→ **Recorded data**
──────

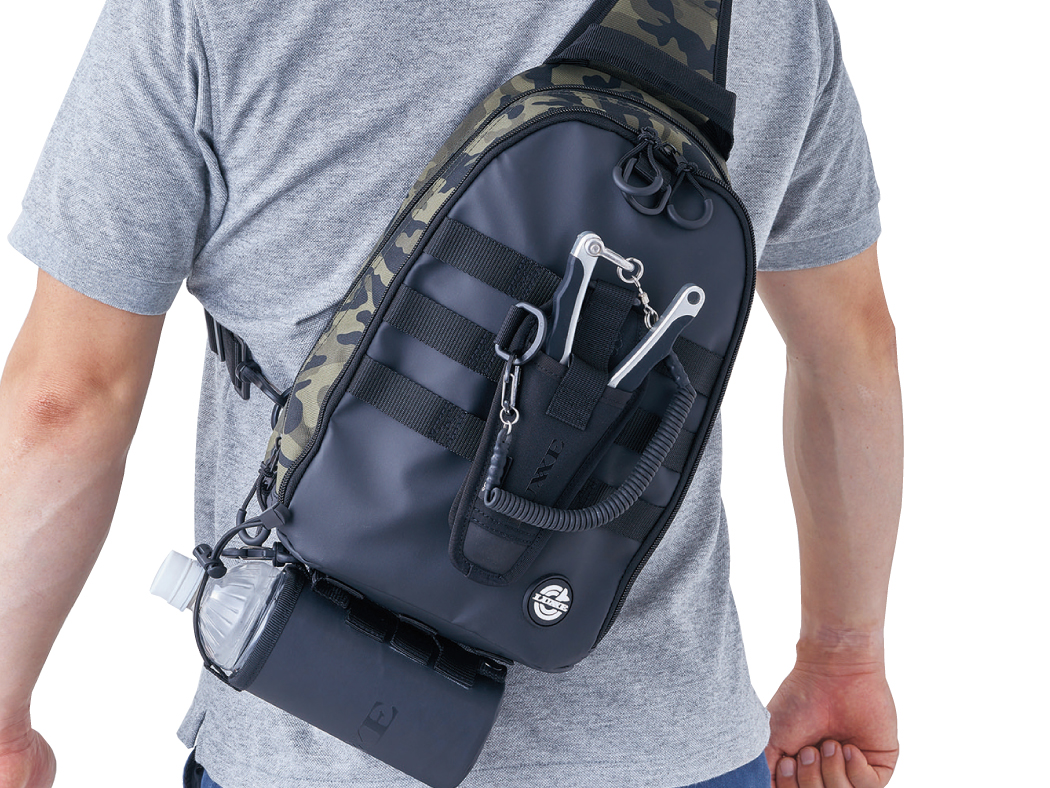 - External straps (MOLLE/Webbing) for attaching accessories like pliers, lines, or lure boxes.
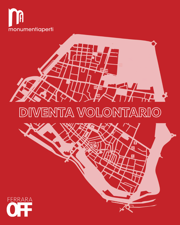 Ferrara Off APS, che organizza l'iniziativa in collaborazione con la Fondazione Ferrara Arte, il Comune di Ferrara e Imago Mundi OdV, cerca persone - a partire dai 18 anni - che, condividendo l'interesse per l’arte e la storia, siano disponibili a gestire il flusso dei visitatori, accogliere il pubblico e tutelare gli spazi nei diversi monumenti eccezionalmente aperti per le visite guidate, condotte da studentesse e studenti delle scuole primarie e secondarie di primo grado del Comune di Ferrara.
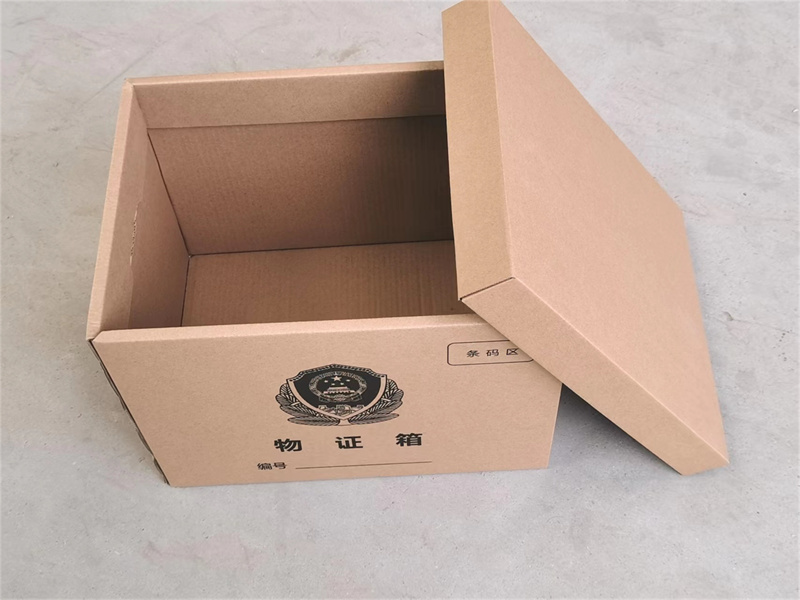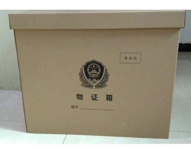 物证箱采用高强度高密度超硬五层瓦楞纸、整体式做成,带箱盖,表面光滑,可方便粘贴物证标签,箱体两侧配有手扣,可以承受10 kg以上的重量,强度不低于塑料周转箱,可反复使用。

──────

→ **What is being asked**
Reproduce the whole listing above character for character; pictures do not belong in it.

→ **Response for this exercise**
 - External straps (MOLLE/Webbing) for attaching accessories like pliers, lines, or lure boxes.
 Ferrara Off APS, che organizza l'iniziativa in collaborazione con la Fondazione Ferrara Arte, il Comune di Ferrara e Imago Mundi OdV, cerca persone - a partire dai 18 anni - che, condividendo l'interesse per l’arte e la storia, siano disponibili a gestire il flusso dei visitatori, accogliere il pubblico e tutelare gli spazi nei diversi monumenti eccezionalmente aperti per le visite guidate, condotte da studentesse e studenti delle scuole primarie e secondarie di primo grado del Comune di Ferrara.
 物证箱采用高强度高密度超硬五层瓦楞纸、整体式做成,带箱盖,表面光滑,可方便粘贴物证标签,箱体两侧配有手扣,可以承受10 kg以上的重量,强度不低于塑料周转箱,可反复使用。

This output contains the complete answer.